The debate reeks of Donald Trump. The former German economics minister, Sigmar Gabriel, started it and his successor Brigitte Zypries is carrying on with it. She wants to protect German companies from hostile states, even though no one’s been calling for help. Ms. Zypries’ allies are, of all people, the French, who tend to nationalize everything they see, and the Italians, whose companies are up to their ears in debt.
The three governments have written a letter to European Union Trade Commissioner Cecilia Malmström. In it, they demand “intervention rights” if – as in the case of China – a company takeover is financed or subsidized by the government. Above all, if they are “systemically” going about it. Ms. Zypries wants to prevent this “sell-out of European expertise.” In the interest of the people in our country.
That sounds good in an election year. Although, as a rule, nothing tends to be sold dirt cheap at Germany’s expense as Ms.Zypries suggests. On the contrary, entrepreneurs freely decide to sell their know-how for good money – know-how they have developed together with their employees at great personal risk.
Delegating the matter to Brussels is the certain kiss of death.
Ms. Zypries claims she is looking at the big picture. In a sense, she wants to take German innovation hostage to force the nasty Chinese to finally open their markets – in line with the motto "together we are strong." A threatening posture isn’t such a bad idea, but it has to be pretty credible to impress Beijing. It would only work if it involves innovative products the Chinese can’t get anywhere else.
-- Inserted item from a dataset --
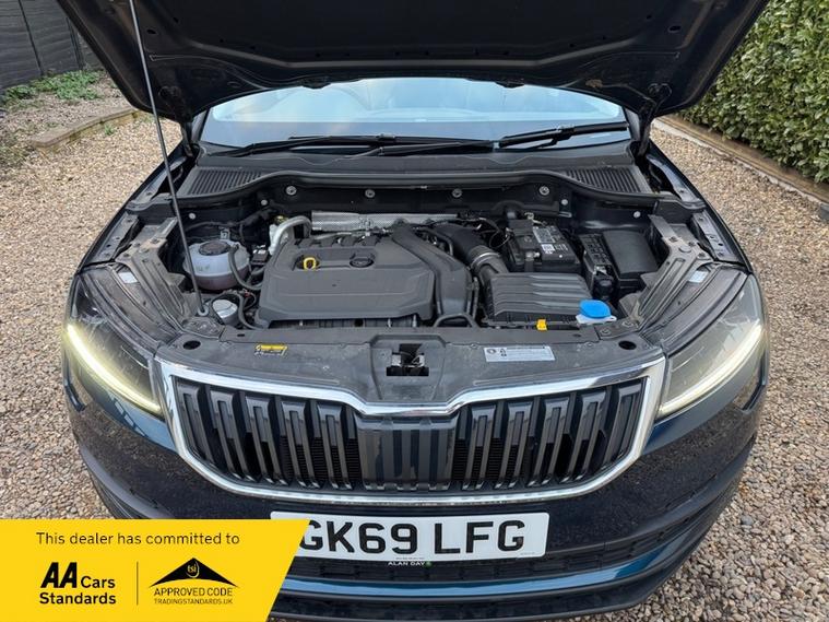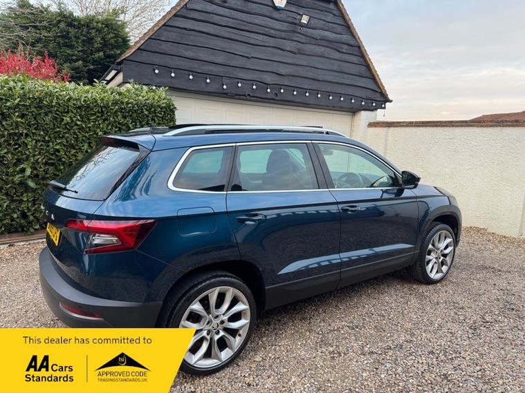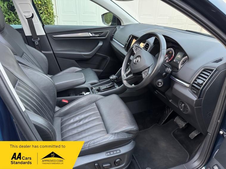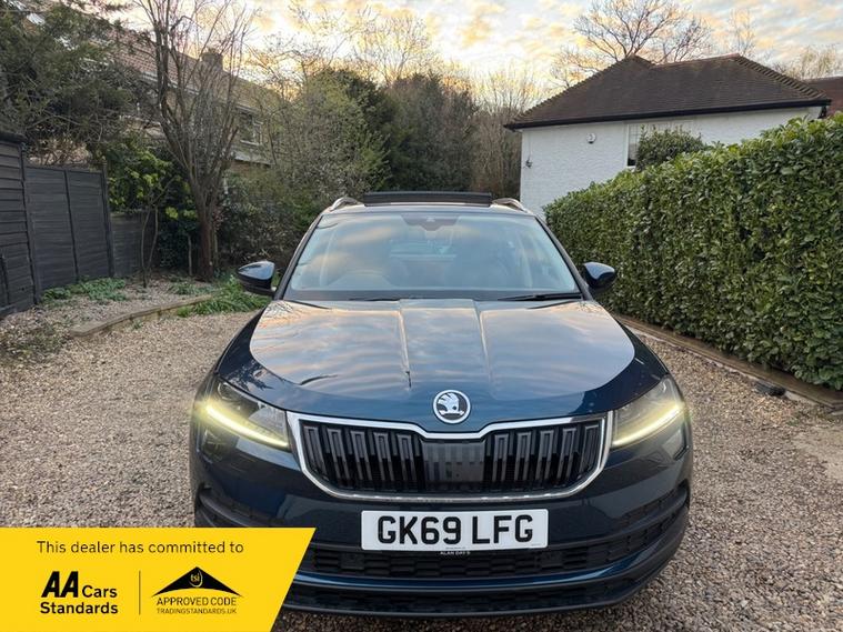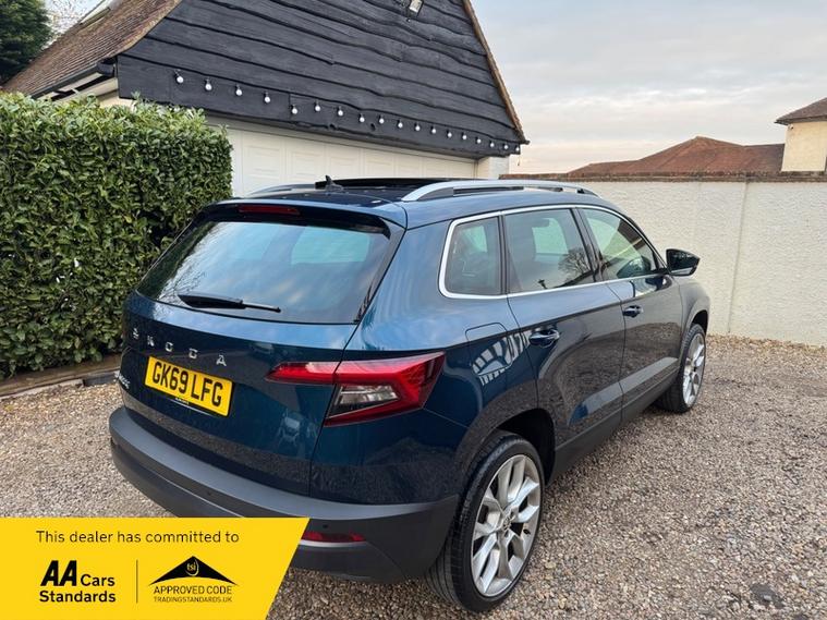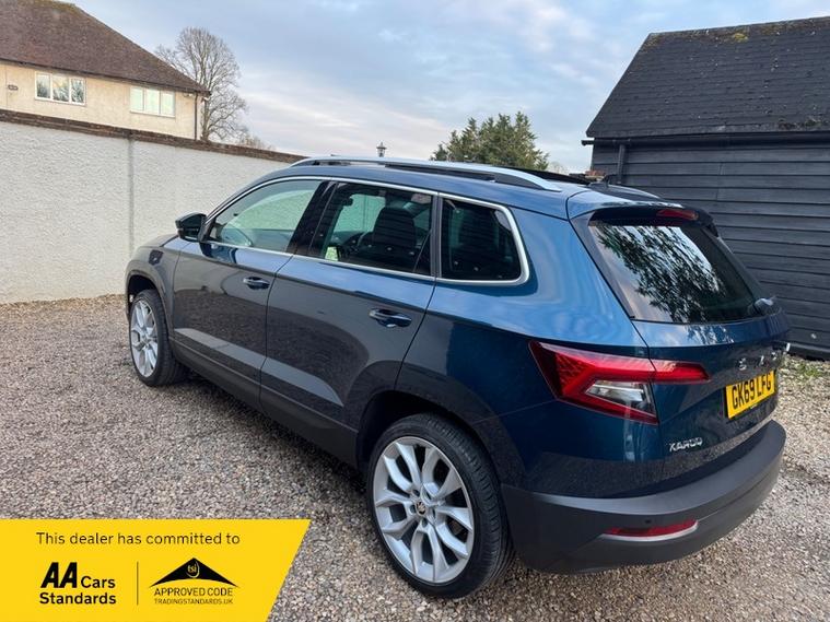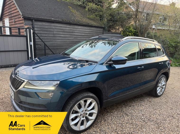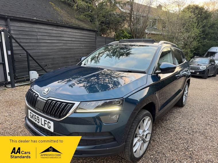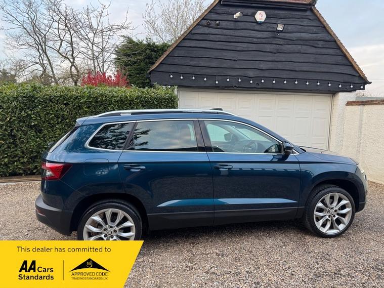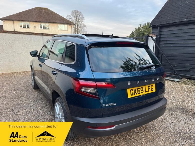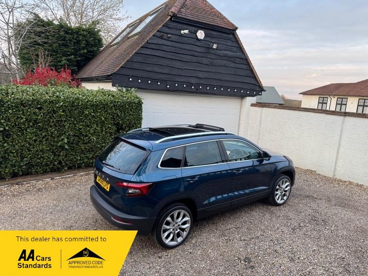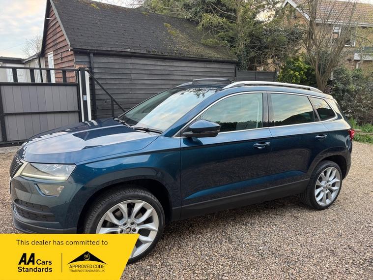 LOW MILEAGE 15, 000 MILES WITH A HUGE SPEC, Registered 28th September 2019 on a 69 plate, Petrol Blue Metallic With RARE FULL BLACK LEATHER INTERIOR, RARE PANORAMIC OPENING GLASS ROOF, 1 PREVIOUS OWNER, FULL VW SERVICE HISTORY, SERVICED AT VW 13/10/2020 @ 3, 437, 24/09/2021 @ 5, 764, 04/07/23 @ 11, 951, 28/06/24 @ 13, 178, 24/09/25 @ 14, 913, REVERSING CAMERA, APPLE CAR PLAY, KEYLESS GO, KEYLESS ENTRY, AUTOMATIC DSG ALSO WITH PADDLE CHANGE ON STEERING WHEEL, HEATED SEATS, FRONT AND REAR PARKING SENSORS, LEATHER CENTRE ARMREST, ELECTRIC MEMORY DRIVERS SEAT, ELECTRIC HEATED FOLDING MIRRORS, FRONT AND REAR FOG LIGHTS, ROOF RAILS IN CHROME, AIR CONDITIONING, DUAL CLIMATE CONTROL, REMOTE CENTRAL LOCKING, X2 REMOTE KEYS, 19 Inch ALLOY WHEELS, POWER BOOT, EURO 6, ULEZ COMPLIANT, PETROL, X4 Electric Windows, FINANCE AVAILABLE, 12 MONTHS AA BREAKDOWN COVER INCLUDED, TRADING STANDARDS APPROVED DEALER, STUNNING LOW MILEAGE SKODA KAROQ 1.5 TSI ACT EDITION 150 PS DSG IN EXCELLENT CONDITION WITH A HUGE SPEC. VIEWING BY APPOINTMENT, MOBILE 01494352785.

Products that so far have hardly been sold in China and that foreseeably cannot be copied by the Chinese.
Otherwise the Chinese will give us a demonstration of how the market economy works. Having been snubbed, they’ll order less from us, develop products faster themselves, buy from international competition, and dream up new rules of the game for German firms in China. The upshot will be less profits for our companies. That's bad for Germany.
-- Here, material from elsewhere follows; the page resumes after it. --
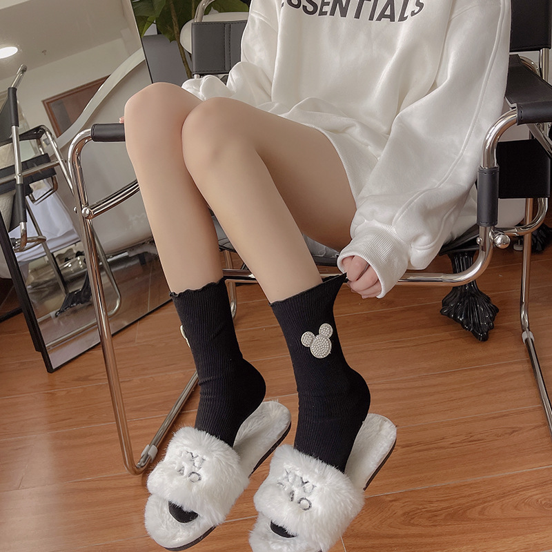 일본의 3 차원 다이아몬드 유행 양말 만화 밀크 화이트 우드 귀 빗질 코튼 파일 짧은 양말 여성용스토어 가기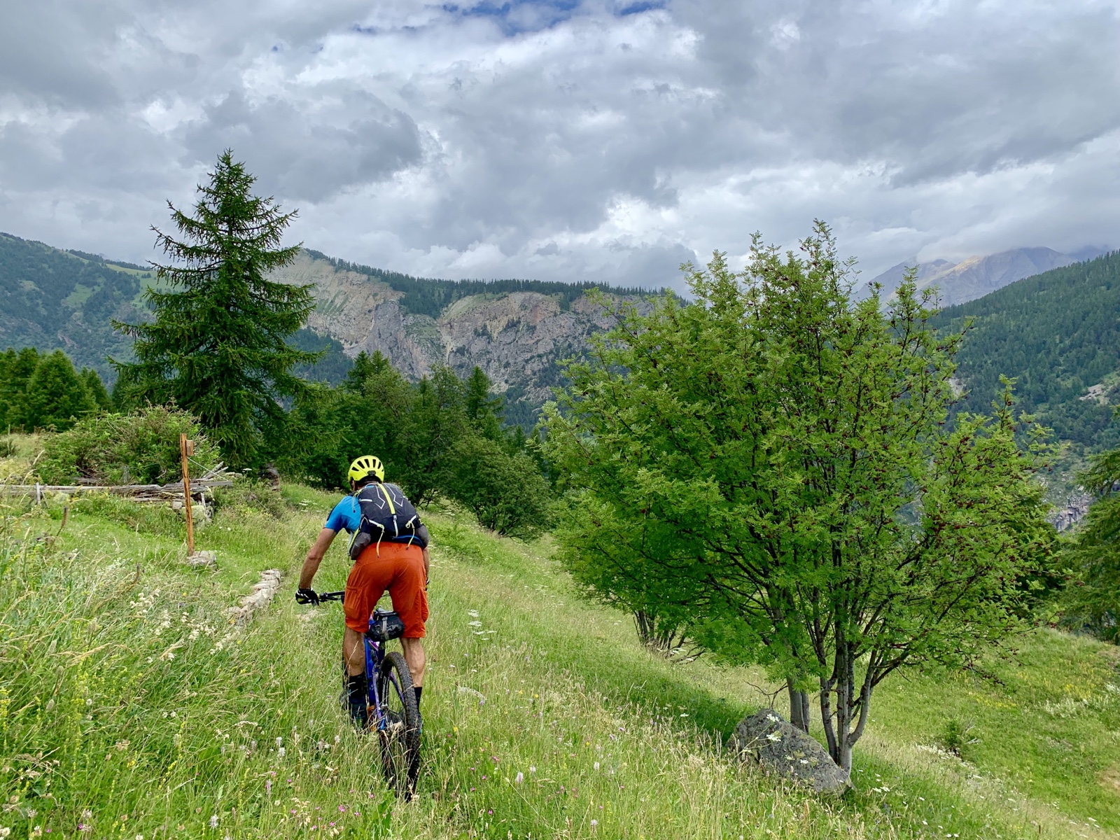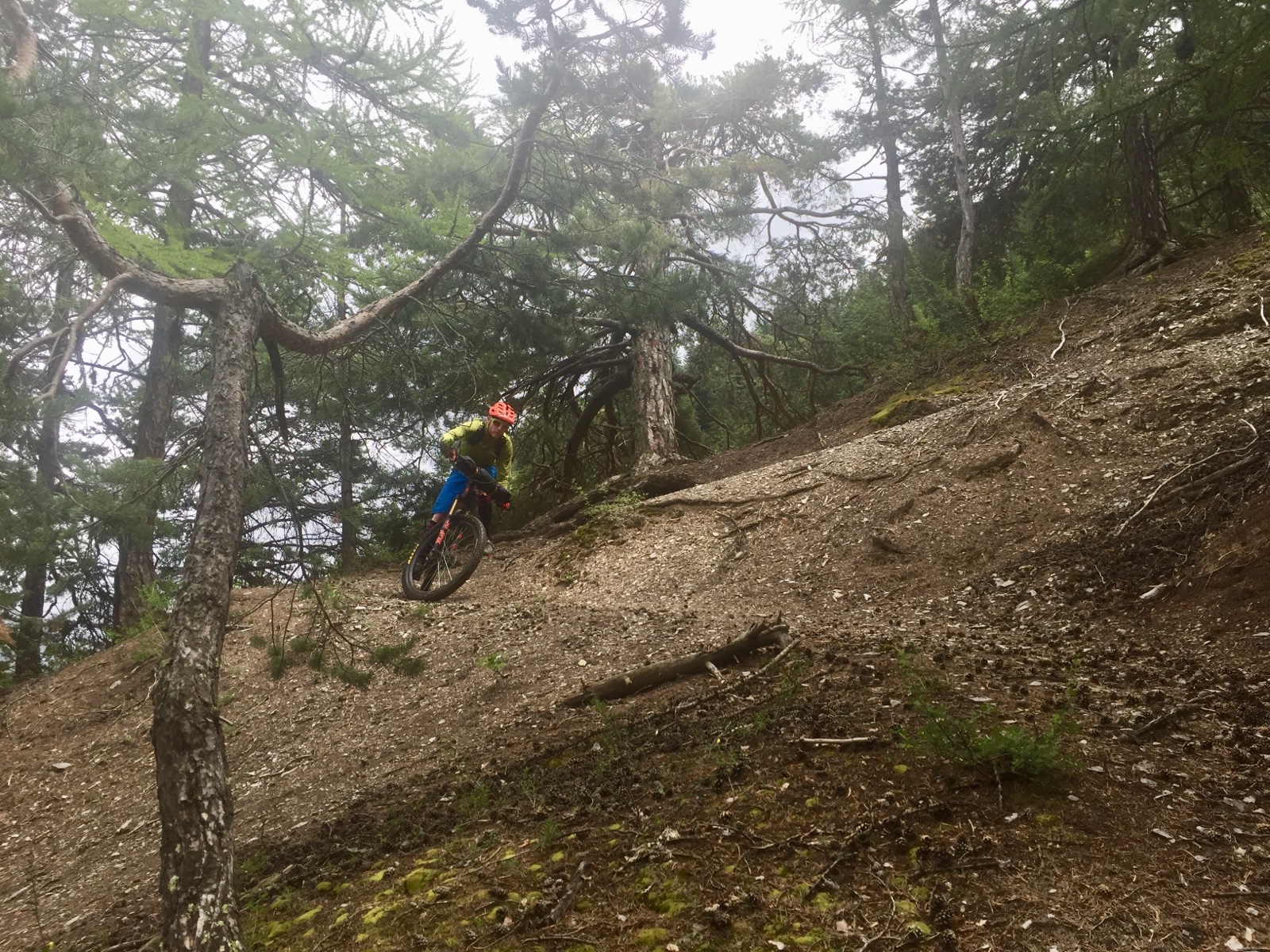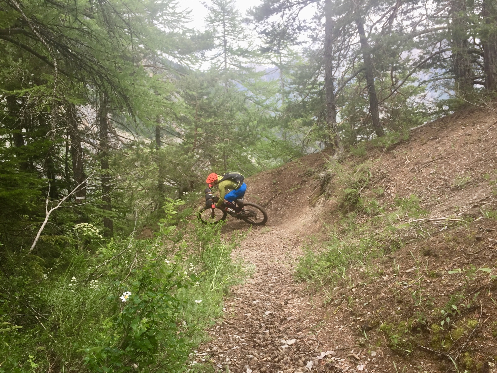 Auf dem Col des Lauzes angekommen, folgte eine steile, manchmal etwas zugewachsene Abfahrt, welche volle Konzentration forderte, waren doch die Wurzeln und Steine noch nass vom vorangegangenen Regen.

The argument that selling firms means “the technology is then gone for good” doesn’t hold water either. First, the Chinese aren’t paying €300 million for 10 folders full of drawings but for a group of highly-specialized people. If the new owners aren’t nice to them, the technology transfer won’t happen. And second, even if the technology belongs to the Chinese, that can be good for Germany in the long run because it would throw open the gates to the Chinese market.
One thing was at least tactically shrewd of Ms. Zypries. Delegating the matter to Brussels is the certain kiss of death. The minister has now disposed of this nonsense. Very elegant. Let’s hope it was intentional.